The groundbreaking photographer spent 22 years at Harper's Bazaar, working alongside Carmel Snow, 
Diana Vreeland, and Alexey Brodovitch to help redefine the look and feel of American fashion as we know it today.
 Next month, the fruits of their collaboration—vibrant, glamorous images of women on the cutting edge of their time—will be celebrated with an exhibition at New York's Museum at the Fashion Institute of Technology and 
in a new book from Aperture. 
Here, we explore their bright view of the future.

At first blush, photographer Louise Dahl-Wolfe cut an unlikely figure in the fashion world. Bespectacled and chubby-cheeked, she was 40 years old when editor Carmel Snow hired her in 1936 to take pictures for Harper's Bazaar. Snow, a slender, diminutive Irish immigrant with a fondness for pearls and martini lunches, had blown into the Bazaar offices herself just a few years earlier. She and her eagle-eyed, Russian-born art director, Alexey Brodovitch, were both itching to banish the stodgy black-and-white society portraits that still dominated the burgeoning world of fashion photography. Instead they wanted the images to match their vision for the modern, liberated woman—one who worked, traveled, danced, drank champagne, and lived with such vitality that she'd leap off the page.

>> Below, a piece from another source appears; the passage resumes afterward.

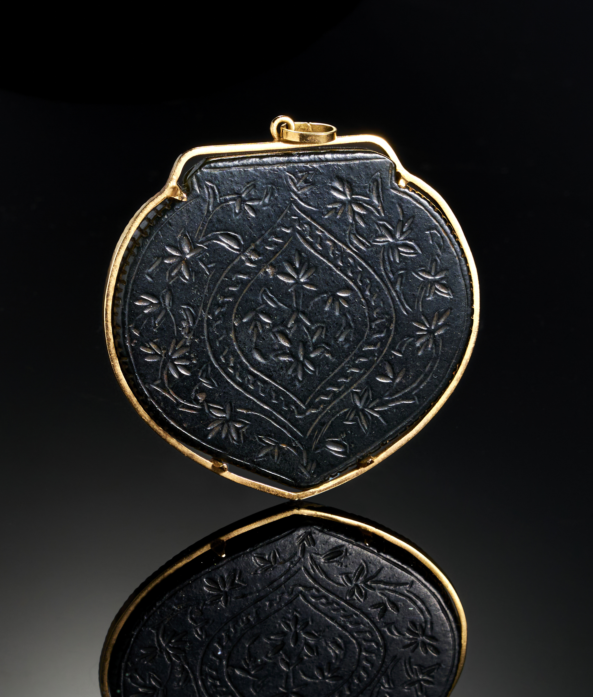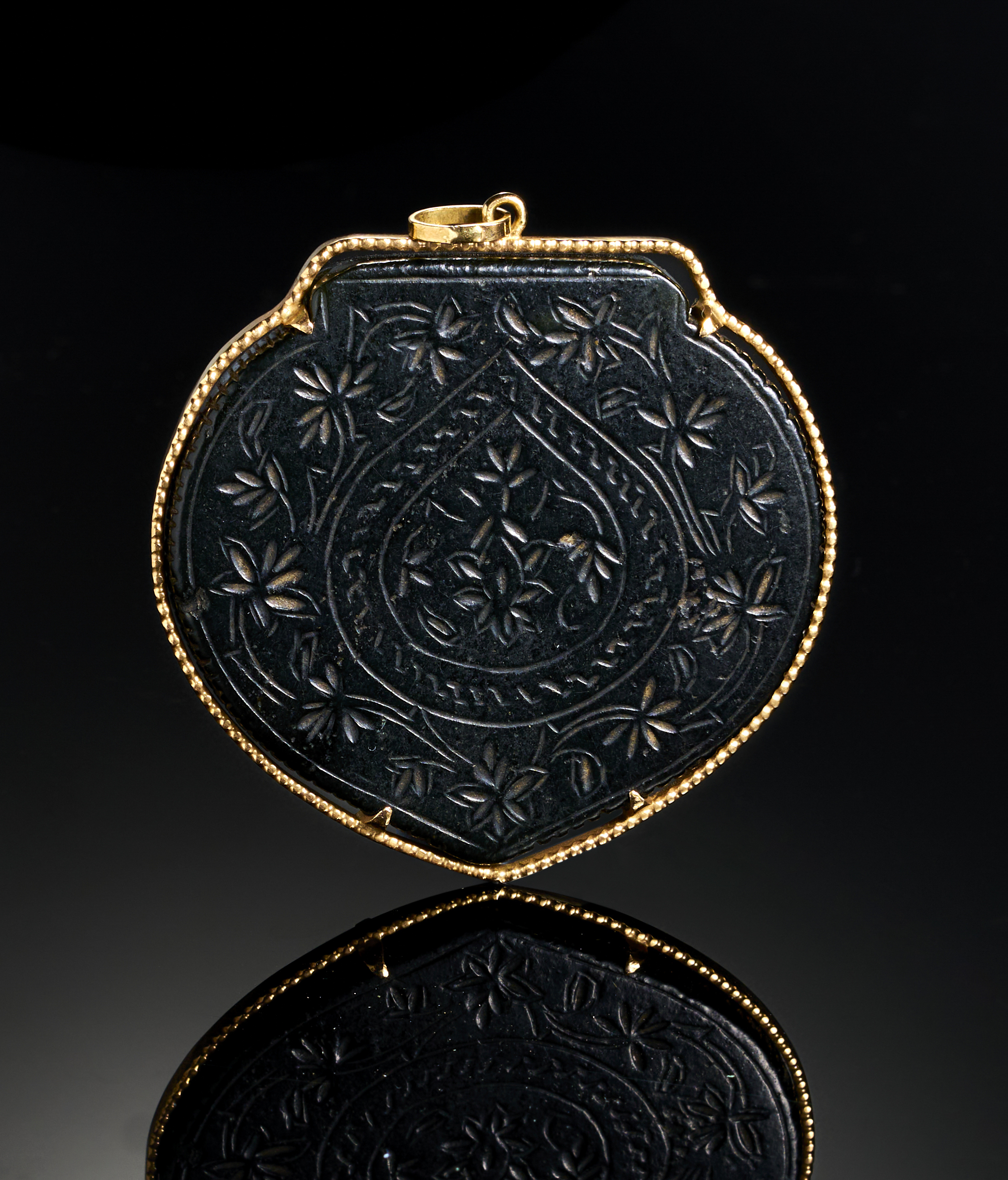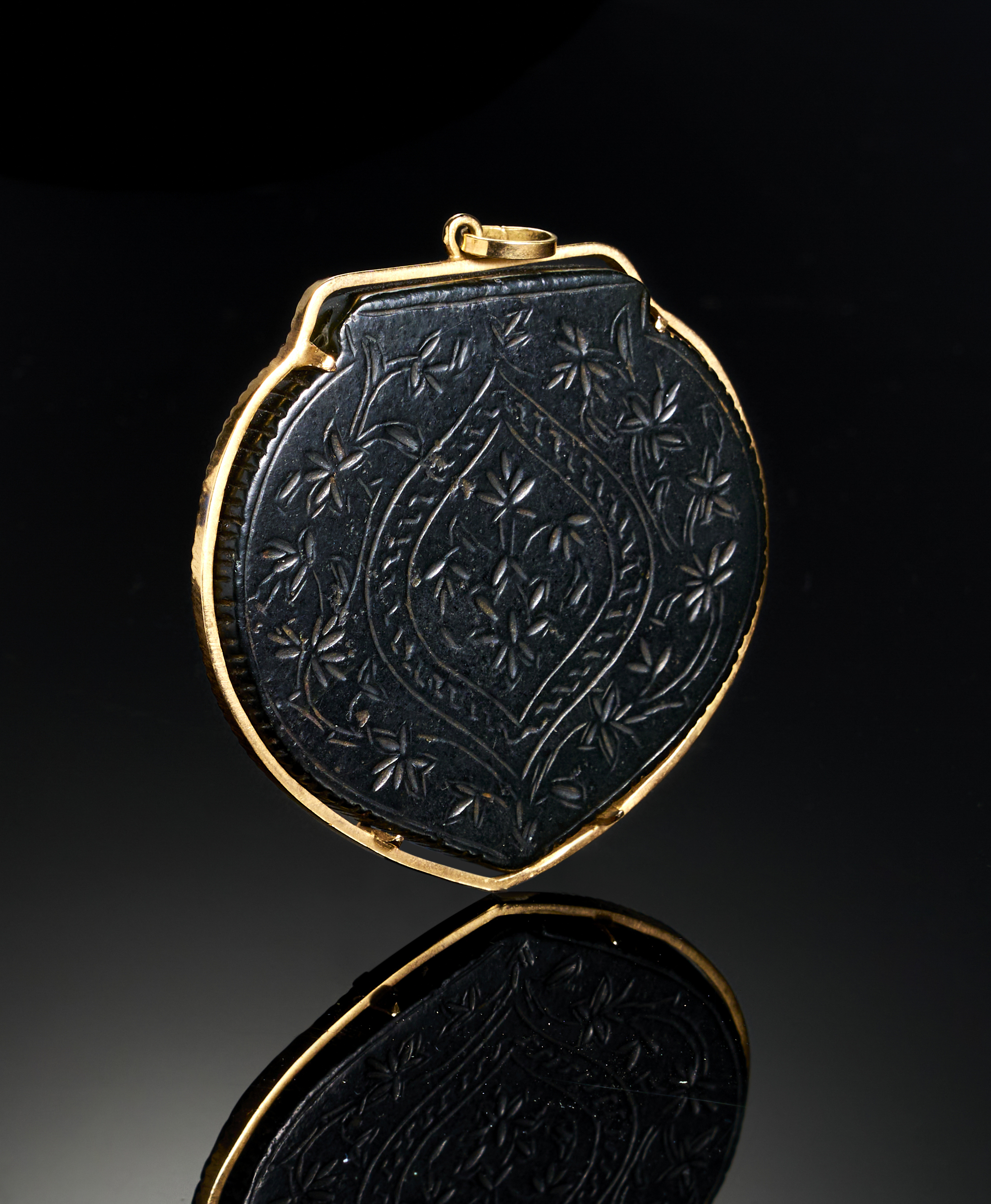 A Timurid pendant Crafted from intricately engraved jade, the pendant features an elegant floral design that is both symmetrical and richly detailed. Set in a finely crafted gold mounting, it highlights the importance and prestige of this piece during the 14th-15th century Persian Timurid dynasty.

 The fiercely independent Dahl-Wolfe had been freelancing for Saks Fifth Avenue when Snow came across her work and immediately zeroed in on the photographer's sun-drenched outdoor settings, casually posed models, and vivid, painterly use of color. Something clicked: "From the moment I saw [Dahl-Wolfe's] first color photographs I knew that Bazaar was at last going to look the way I had instinctively wanted my magazine to look," wrote Snow, whose memos were published in the 2005 biography A Dash of Daring. She quickly introduced Dahl-Wolfe to Bazaar's new fashion editor, the fabled Diana Vreeland—an immaculately dressed socialite with a quixotic imagination and a devilish sense of humor—and together, this improbable group went on to chart the next phase in the evolution of American style.

With Dahl-Wolfe's eye, Vreeland's whimsy, Snow's direction, and Brodovitch's magic touch for knitting it all together on the page, Bazaar embodied the era's fresh, empowering spirit of fashion. Embracing strong, statuesque models like Lauren Bacall (whose March 1943 Bazaar cover launched her Hollywood career) and movie stars like Ingrid Bergman, Vivien Leigh, and Bette Davis, Dahl-Wolfe coaxed her subjects outdoors and convinced them to loll on park benches and cavort on windswept beaches. "The way Louise's photographs are infused with light and vitality and dynamism were a big part of the rise of the American look," says Valerie Steele, the museum director and chief curator of New York's Museum at the Fashion Institute of Technology, which is mounting an exhibition of Dahl-Wolfe's Bazaar images in March. "Although Louise planned every picture meticulously, her photographs look like she just serendipitously chose the perfect moment to snap the girl with her scarf blowing in the wind. They were more like stories than portraits."